Pour garantir cette liberté fondamentale, E. Plenel a formulé cinq pistes de travail :
– La généralisation du droit d’accès des citoyens à la "mémoire publique" ;
– L’obligation faite aux propriétaires de titres de presse, de chaînes de radio ou de télévision ou de sites d’information d’être de véritables entrepreneurs du secteur des médias ;
– Garantir réellement le secret des sources ;
– Créer un statut européen de sociétés de médias à but non lucratif, qui seraient exonérées de TVA ;
– Refonder les droits et les devoirs des journalistes et du public.
Pour conclure, E. Plenel a jugé que la concrétisation de ces propositions, alors que le secteur des médias est l’un de ceux qui subit le plus profondément les conséquences de la révolution numérique, qui n’est rien moins que la 3e révolution industrielle, incombe « naturellement » à la gauche.
Pour sa part, Natacha Rateau (magistrate et vice-présidente du Syndicat de la magistrature) a témoigné de la profonde crise que traverse l’institution judiciaire en France, qui perdure depuis longtemps du fait de l’inexistence historique d’un réel pouvoir judiciaire dans notre république, mais qui se renforce depuis 2002. En effet, à la multiplication des lois "sécuritaires" s’ajoute un interventionnisme jamais vu du pouvoir exécutif dans le fonctionnement de la justice.

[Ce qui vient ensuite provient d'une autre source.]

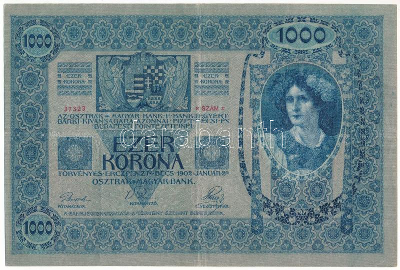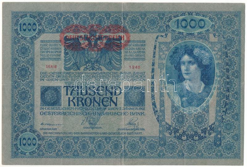 1902. 1000K vízszintes, piros "DEUTSCHÖSTERREICH" felülbélyegzéssel, "1242 37323" T:F
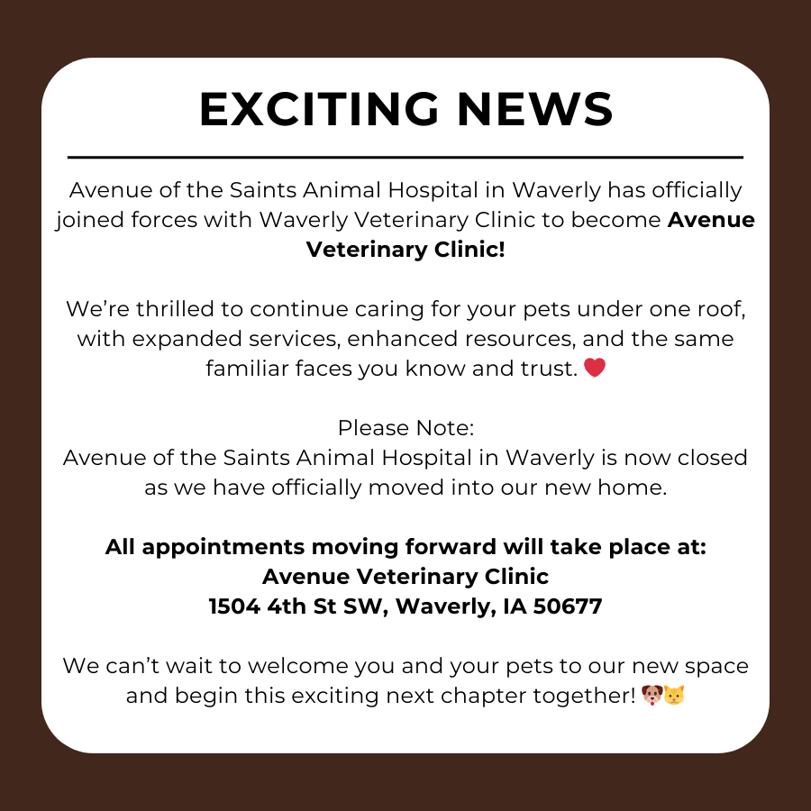 We’re excited to share that Avenue of the Saints Animal Hospital is joining forces with Waverly Veterinary Clinic to better serve you and your pets. Starting March 2, our combined team will welcome you at a new, more accessible location—just ½ mile down the road—under a new name: Avenue Veterinary Clinic. 📌 New Address: 1504 4th St SW, Waverly, IA 50677.
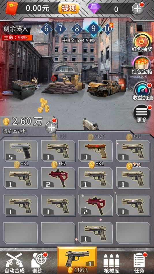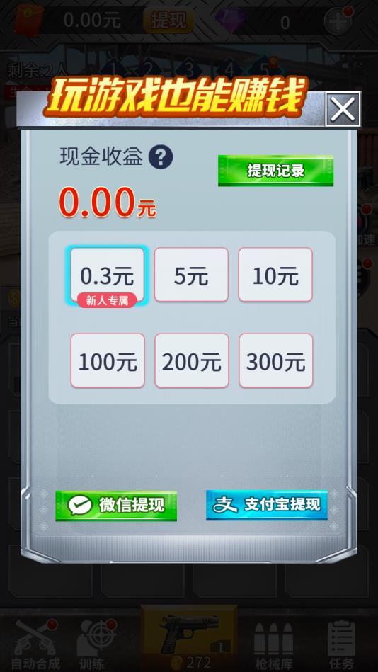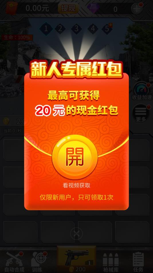 解锁顶级枪支就能赚取红包,红包随时提现。
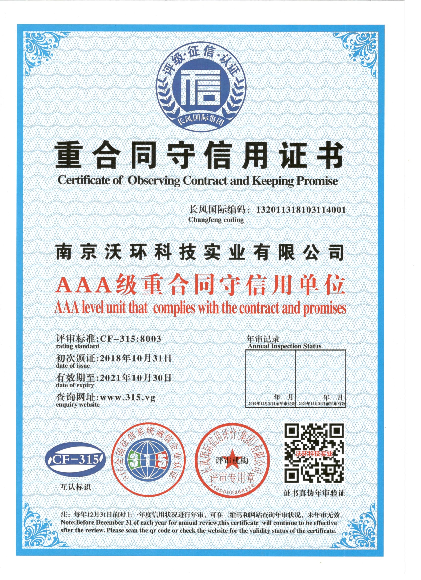 熱烈祝賀南京沃環(huán)公司被專業(yè)評(píng)審機(jī)構(gòu)-長風(fēng)國際集團(tuán)評(píng)為AAA級(jí)重合同守信用單位,特發(fā)此證書
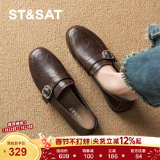 沙驰女鞋英伦风皮带扣乐福鞋女款2026春季新款平底单鞋深口小皮鞋
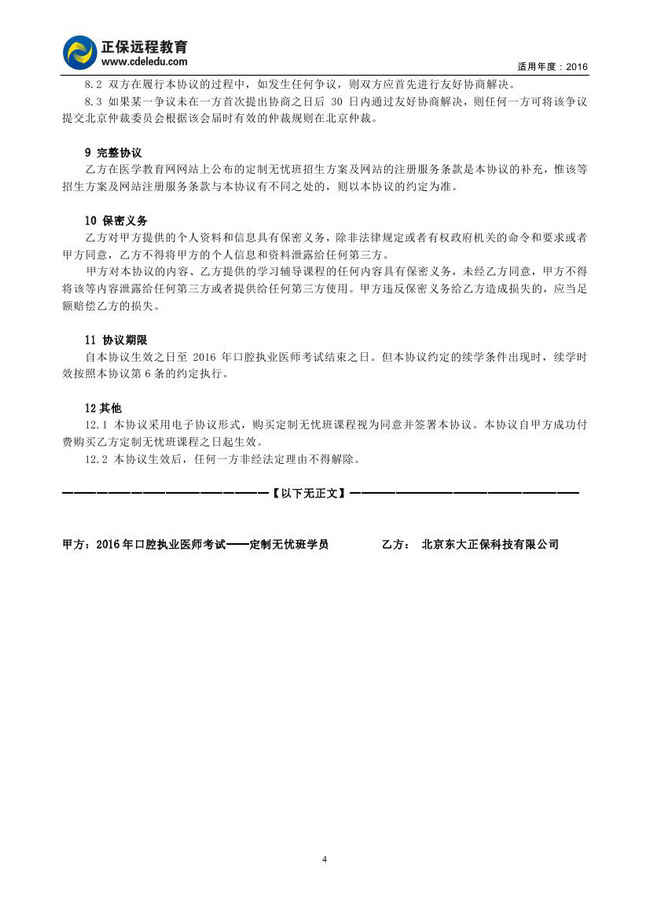 口腔執(zhí)業(yè)醫(yī)師“定制無(wú)憂(yōu)班”協(xié)議書(shū)
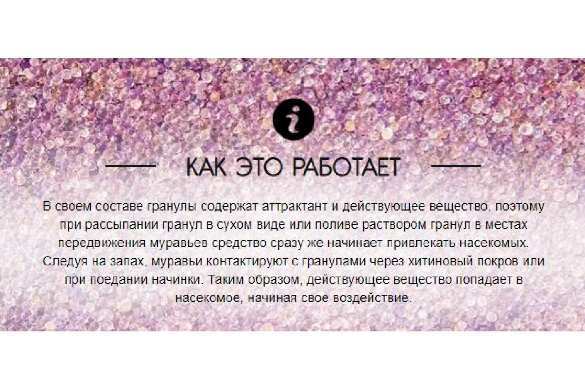 | Минусы: | Если делать ловушки с средством внутри, то эффекта почти нет - ползают мимо и почти не обращают внимание. Эффект появляется если буквально рассыпать гранулы по поверхности где ползают муравьи - тогда довольно быстро они уходят. Но это неудобно и возможно не безопасно - не будешь же на стол яд сыпать |
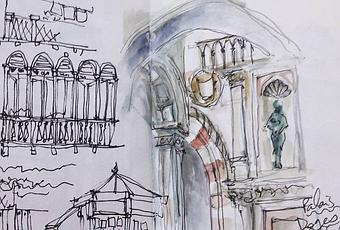 Et c'est parti !! Aujourd'hui à #Venise je me suis baladée, j'ai dessiné, j'ai plus de pieds et je m'excuse par avance aux gens qui me complimentent en italien car à part dire grazié je suis un peu limitée! 😅 #sketchbook #drawing #sketching #dessin #carnets #instablog #travelletting #urbansketchers #fb #tweet

De plus, à cette confusion extrême des pouvoirs se superpose leur concentration, notamment avec la disparition politique du Garde des sceaux depuis 2007.
Dans ce contexte, le SM promeut plusieurs réformes profondes :
– L’institution d’un Conseil supérieur de la magistrature pleinement indépendent, seul responsable des nominations des magistrats du siège ET du parquet ;
– La révision profonde des procédures disciplinaires, afin d’éviter que celles-ci puissent se transformer, comme aujourd’hui, en machine à sanctionner politiquement ;
– La suppression du Garde des sceaux, remplacé par un Procureur général de la Nation.

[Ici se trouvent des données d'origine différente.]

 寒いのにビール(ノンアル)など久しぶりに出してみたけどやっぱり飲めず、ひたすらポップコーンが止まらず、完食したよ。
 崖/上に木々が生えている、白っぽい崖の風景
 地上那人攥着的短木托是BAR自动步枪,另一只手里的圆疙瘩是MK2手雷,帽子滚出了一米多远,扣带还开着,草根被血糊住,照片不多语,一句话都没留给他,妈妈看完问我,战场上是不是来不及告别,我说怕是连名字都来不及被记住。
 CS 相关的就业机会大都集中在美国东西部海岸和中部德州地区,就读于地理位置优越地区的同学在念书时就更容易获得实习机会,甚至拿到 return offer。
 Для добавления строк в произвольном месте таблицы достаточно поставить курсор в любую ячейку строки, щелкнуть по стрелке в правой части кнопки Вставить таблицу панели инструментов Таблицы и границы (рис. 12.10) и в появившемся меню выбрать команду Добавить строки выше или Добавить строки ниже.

Enfin, pour Bertrand Monthubert (enseignant-chercheur, fondateur de « Sauvons la recherche », secrétaire national du Parti socialiste), depuis que la droite est au pouvoir, la politique d’enseignement supérieur et de recherche est marquée par le renforcement du contrôle "politique" des enseignants-chercheurs. Or, à la suite d’E. Plenel et de N. Rateau, B. Monthubert a souligné que l’indépendance des enseignants-chercheurs, comme celle de l’ensemble des agents du service public, n’était pas un acquis de ces derniers mais un droit des citoyens. C’est ainsi la neutralité du service public que garantit notamment le statut des fonctionnaires et qu’il convient de protéger à l’heure de la concentration et de la confusion extrême des pouvoirs. Ainsi, il n’est pas admissible qu’un gouvernement, quel qu’il soit, définisse seul les priorités de la recherche publique, notamment au travers de la politique dite du « financement sur projet ».

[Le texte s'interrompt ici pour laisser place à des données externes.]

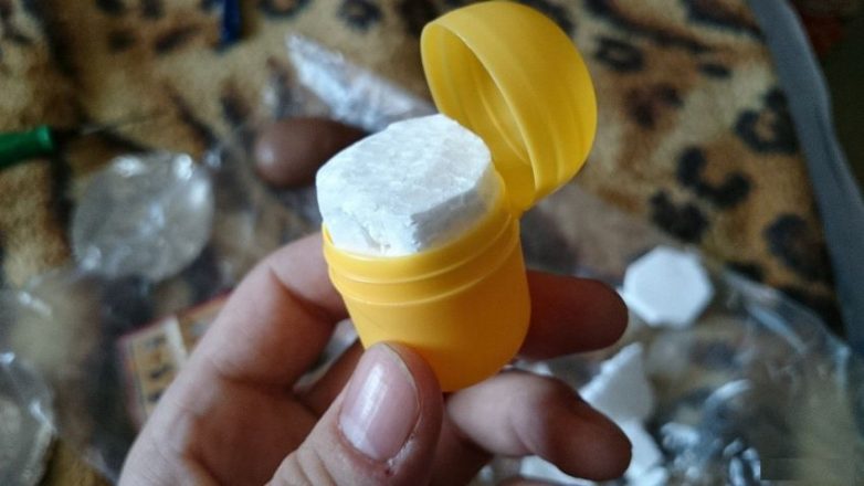 Далее самое трудное — собрать это все вместе. Шоколад я склеивал следующим образом: лезвием ножа нагретом в кипятке нагревал шоколад в местах реза бритвой, проделывается это с обеими половинками. Шоколад застывает довольно долго что дает время все это аккуратно проделать. Далее желтый контейнер кладется внутрь половинок, которые склеиваются. Получается вот так:
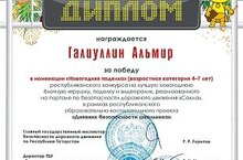 Республиканский конкурс «Новогодняя поделка по БДД». Поздравляем нашего воспитанника Галиуллина Альмира.

Auparavant, dans la matinée, les « Sixiémistes » présents avaient décidé de relancer l’action de la C6R pour faire de l’association un "centre de ressources", nourrisant le débat public sur la question démocratique et mettant à la disposition de la gauche des propositions visant à démocratiser notre système politique. Dans cette perspective, la C6R va organiser, d’ici juin 2010, au moins deux conférences publiques autour de "grands témoins". L’association animera aussi six groupes de travail sur les thèmes suivants :
– démocratie et décentralisation ;
– démocratie et justice ;
– démocratie et impôts ;
– démocratie et médias ;
– démocratie et santé ;
– démocratie et travail.
Enfin, la C6R promouvera l’émergence d’une plate-forme démocratique rassemblant toutes les formations politiques et les organisations de la société civile souhaitant proposer des alternatives au système de pouvoir sarkozyste et préparer ainsi l’alternance. Dans ce cadre, la C6R estime que l’organisation d’élections primaires ouvertes pour le choix du candidat de la gauche à l’élection présidentielle de 2012 est un outil absolument nécessaire pour permettre de donner à la gauche le ou la candidat(e) le plus à même de rassembler une majorité d’électeurs autour de son projet.